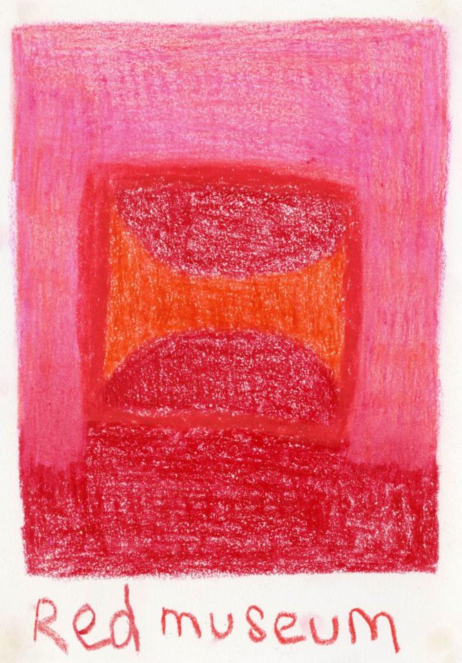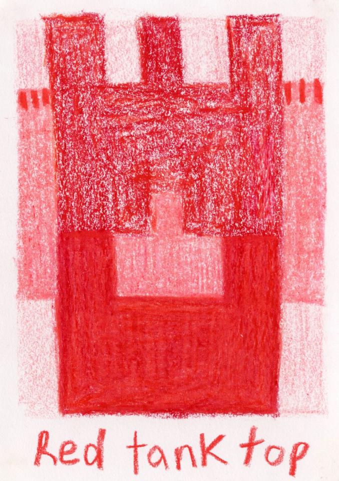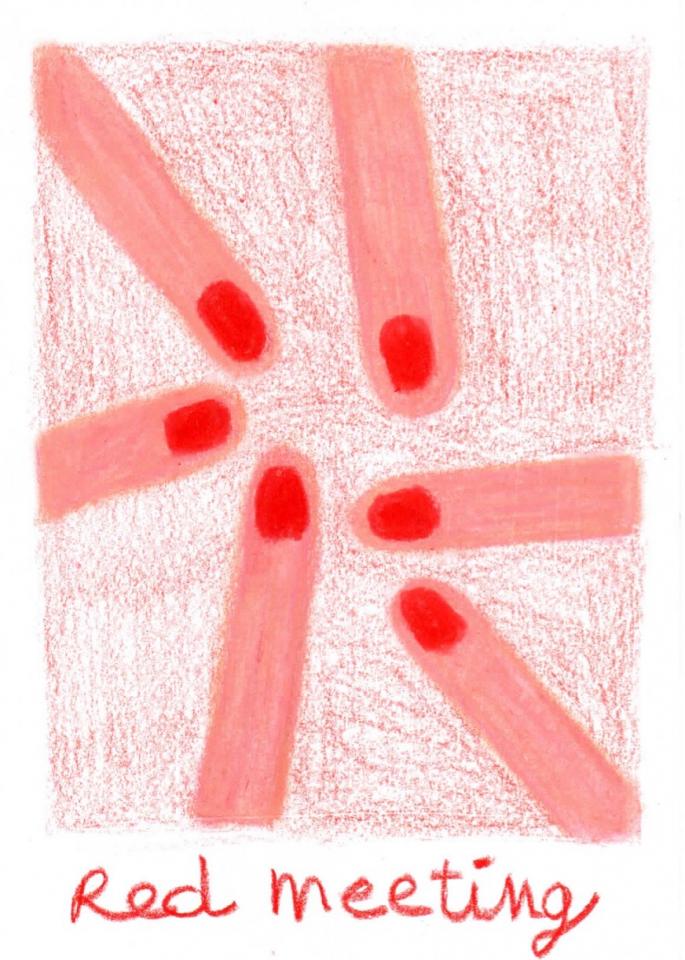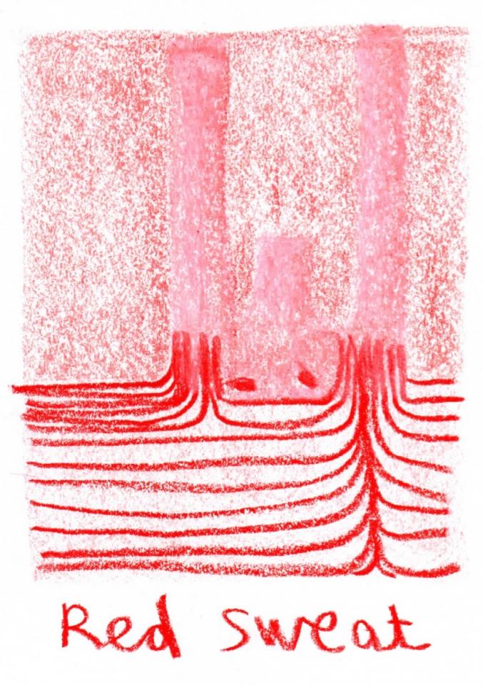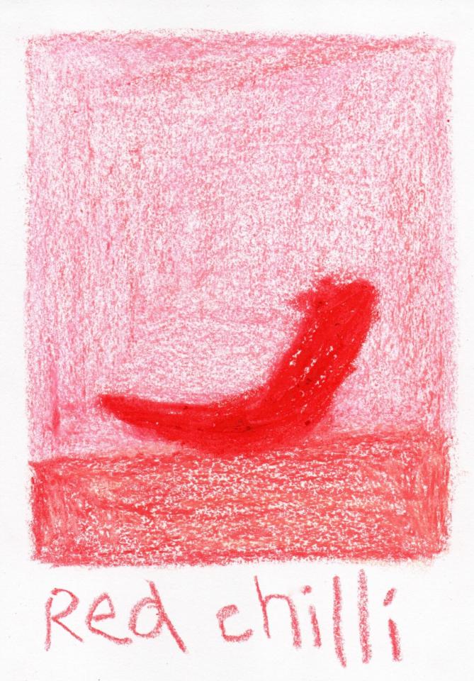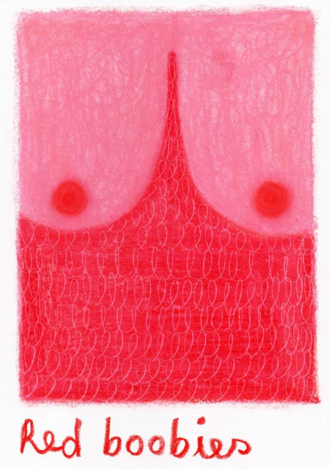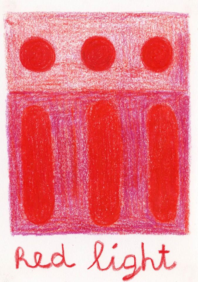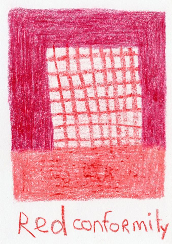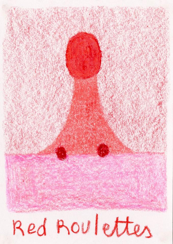 Corpus de dessins, crayon de couleur et pastel sur papier, 14,8 x 21 cm.
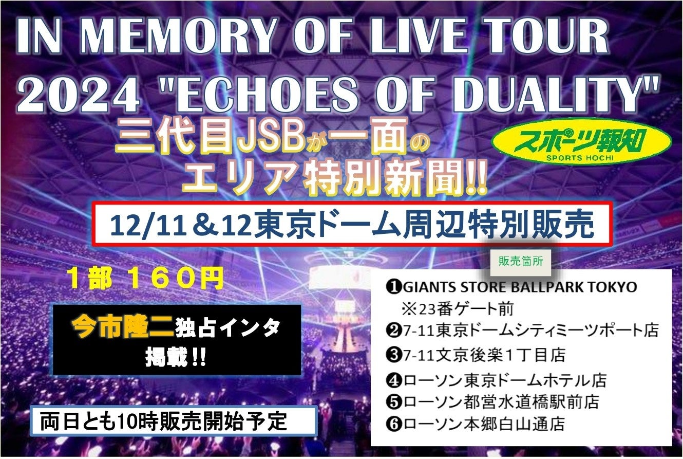 スポーツ報知を発行する報知新聞社(代表取締役社長・依田裕彦)は12月11、12日に東京ドームで開催される三代目 J SOUL BROTHERSの東京ドーム公演を記念して、両日とも特別1面紙面を東京ドーム周辺で販売します。今市隆二の独占インタビューを掲載した特別1面紙面。お越しの方はぜひお買い求めください。
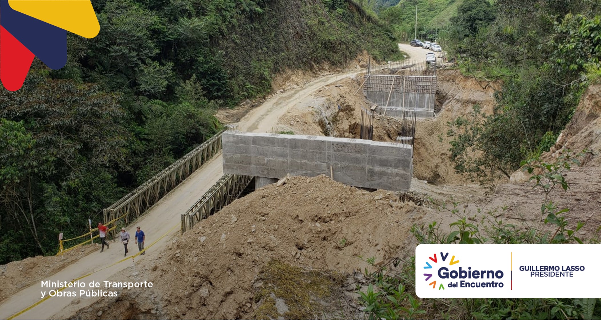 Palanda, Zamora Chinchipe. La construcción de cuatro puentes: Quebrada Honda, Palanda, Agua Dulce y Palanumá, en el tramo I del Cuarto Eje Vial (Vilcabamba-Palanda-Bellavista) registra un avance físico del 54%. El Subsecretario Zonal 7 del Ministerio de Transporte y Obras Públicas (MTOP), Esner Bustamante Rivera, constató la ejecución de los trabajos.
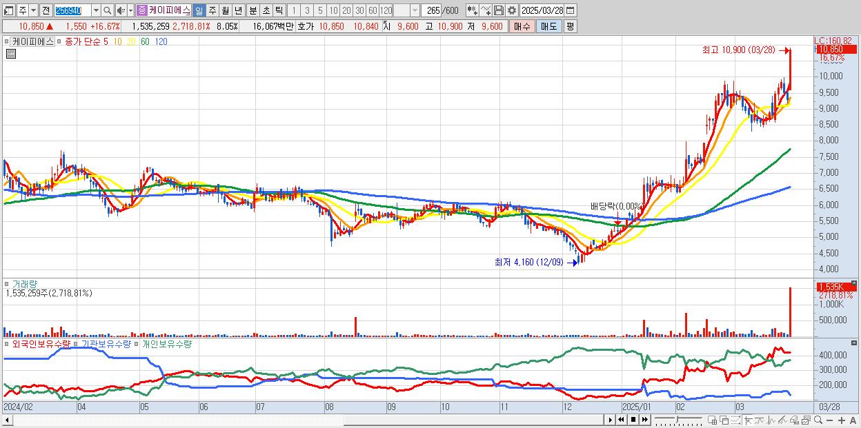- 케이피에스 (10,850원 ▲ 16.67% , 시총: 2,070억, 거래량: 1,535,259, 거래대금:161억)
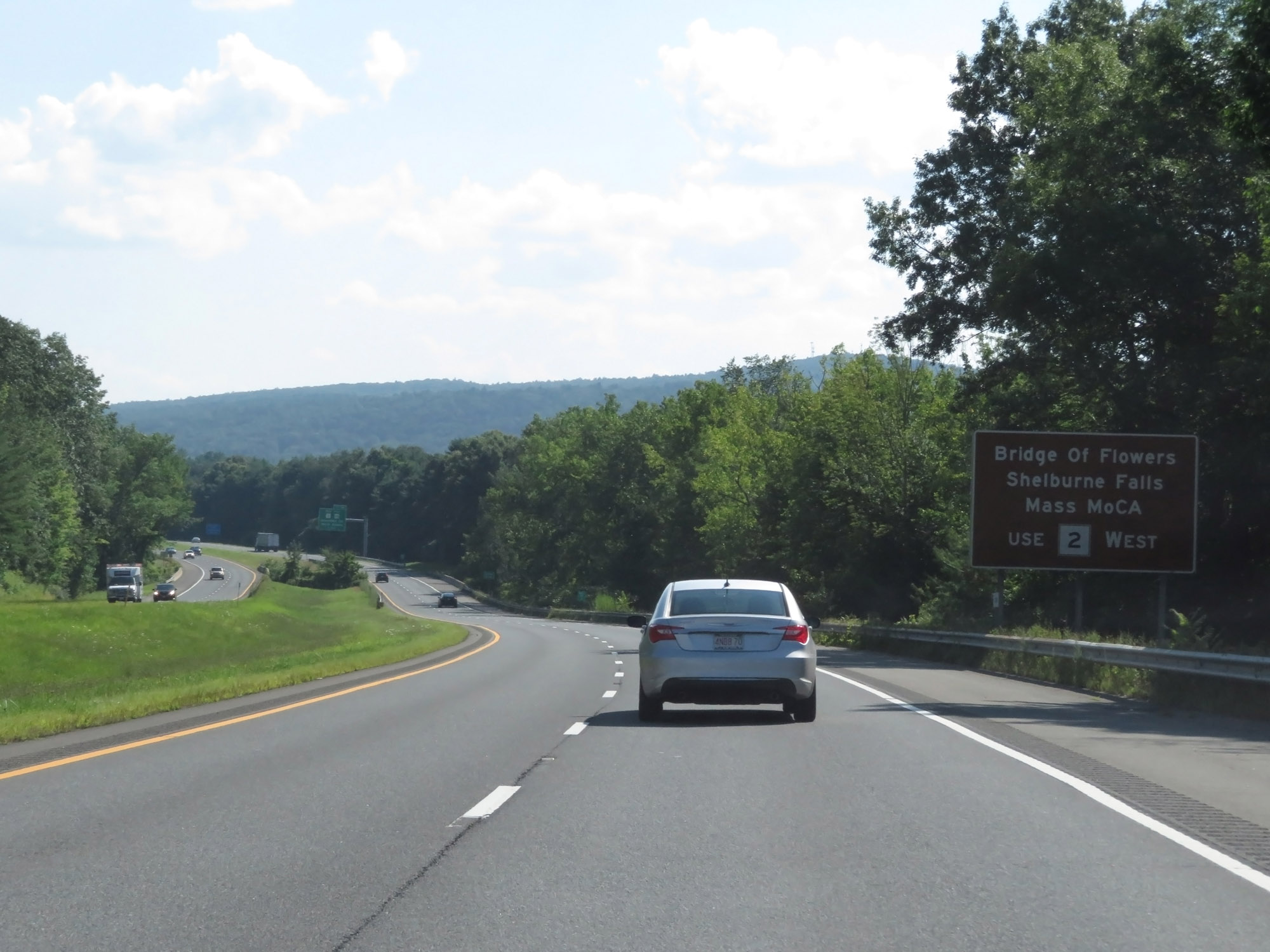 Follow MA 2 West via Exit 26 to Bridge of Flowers, Shelburne Falls, and Mass MoCA. (Photo taken 8/9/17). |
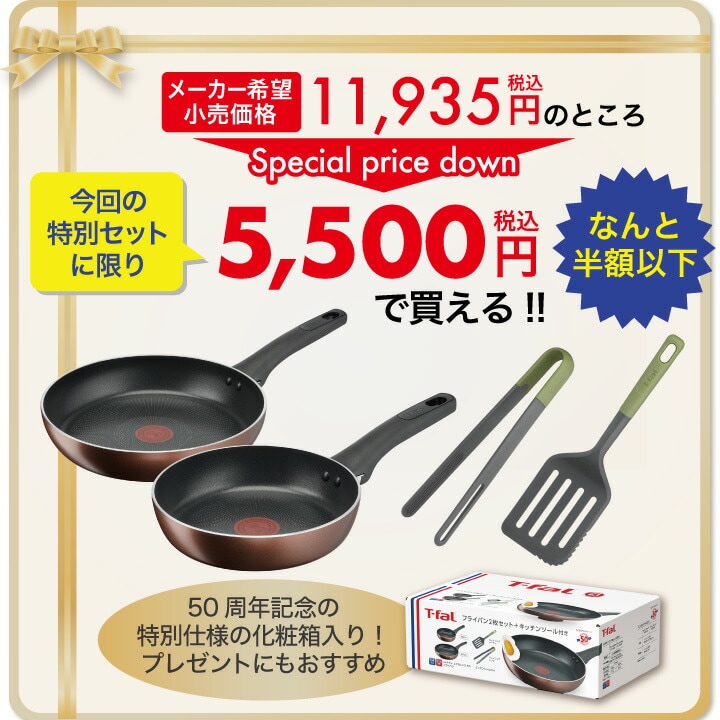 ●ティファール日本上陸50周年を記念した限定&特別セット! メーカー単品小売希望合計価格¥11935(税込)が半額以下の¥5500(税込)に! 特別仕様の化粧箱入りなので、ギフトにもおすすめです! |
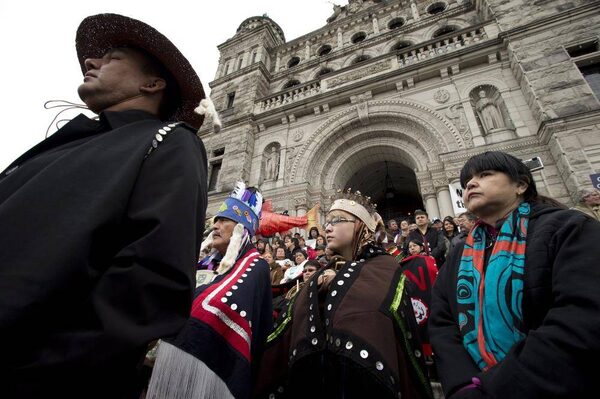 Protesters take part in a mass sit-in in front of the British Columbia legislature in Victoria, B.C. Monday, Oct. 22, 2012. to protest the proposed Northern Gateway pipeline. Native leaders say the report could perhaps set the stage for groundbreaking talks between First Nations and government over several multibillion-dollar energy developments that have been proposed in B.C.JONATHAN HAYWARD/The Canadian Press
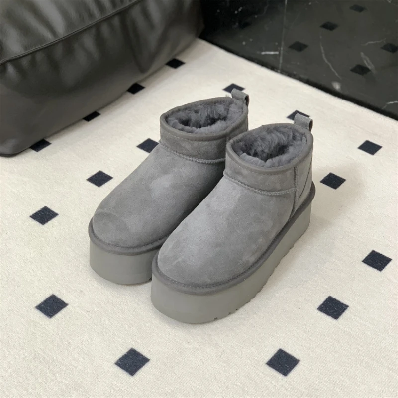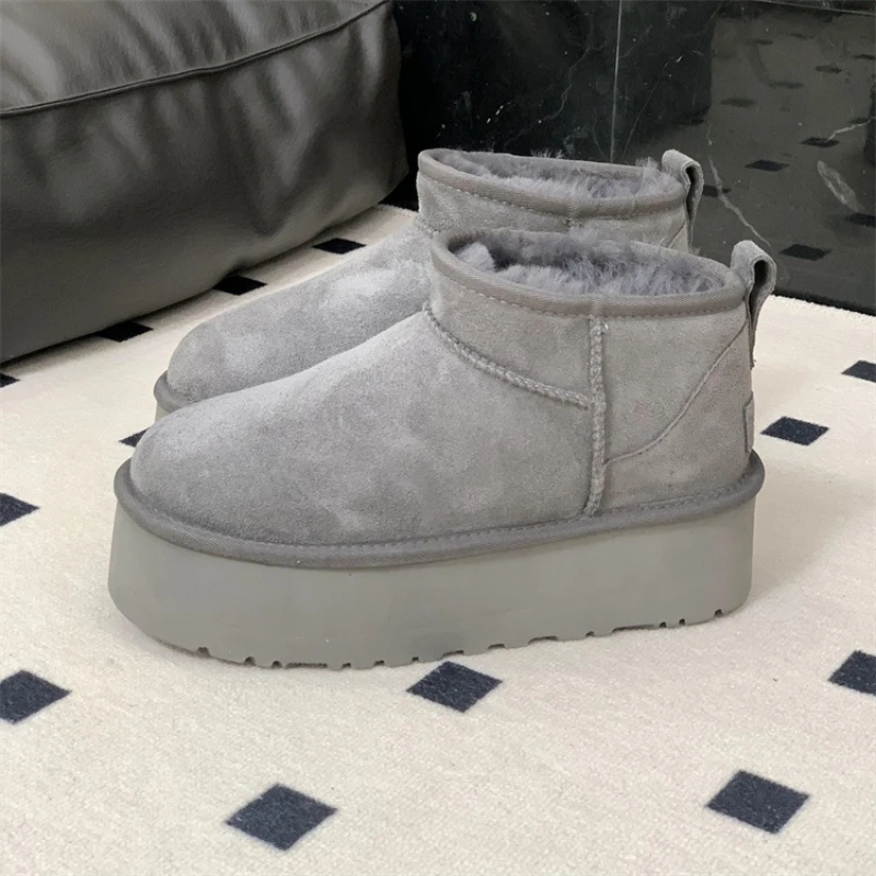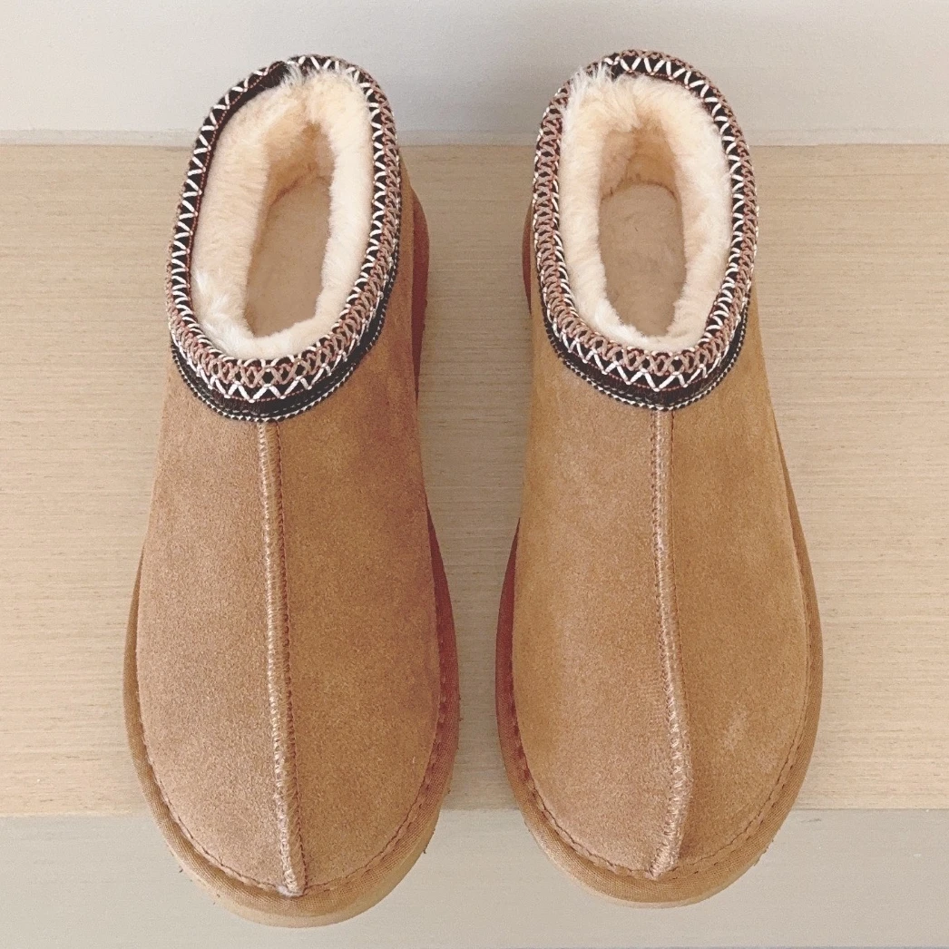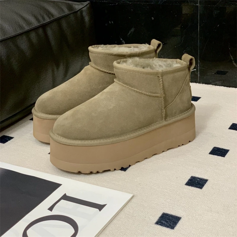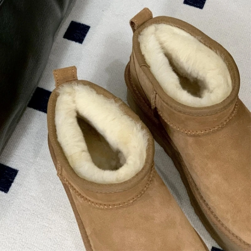 Winter Women Ultra Mini Platform Snow Boots New Ladies Wool Leather Comfort Boot Female Fur Thick Bottom Shoes Men Warm Slippers

- **Requirement**:
Everything from the line containing "- 케이피에스 (10,850원" to the last line of the listing above must be reproduced exactly, with no pictures included.

- **Final answer**:
- 케이피에스 (10,850원 ▲ 16.67% , 시총: 2,070억, 거래량: 1,535,259, 거래대금:161억)
 Follow MA 2 West via Exit 26 to Bridge of Flowers, Shelburne Falls, and Mass MoCA. (Photo taken 8/9/17). |
 ●ティファール日本上陸50周年を記念した限定&特別セット! メーカー単品小売希望合計価格¥11935(税込)が半額以下の¥5500(税込)に! 特別仕様の化粧箱入りなので、ギフトにもおすすめです! |
 Protesters take part in a mass sit-in in front of the British Columbia legislature in Victoria, B.C. Monday, Oct. 22, 2012. to protest the proposed Northern Gateway pipeline. Native leaders say the report could perhaps set the stage for groundbreaking talks between First Nations and government over several multibillion-dollar energy developments that have been proposed in B.C.JONATHAN HAYWARD/The Canadian Press
 Winter Women Ultra Mini Platform Snow Boots New Ladies Wool Leather Comfort Boot Female Fur Thick Bottom Shoes Men Warm Slippers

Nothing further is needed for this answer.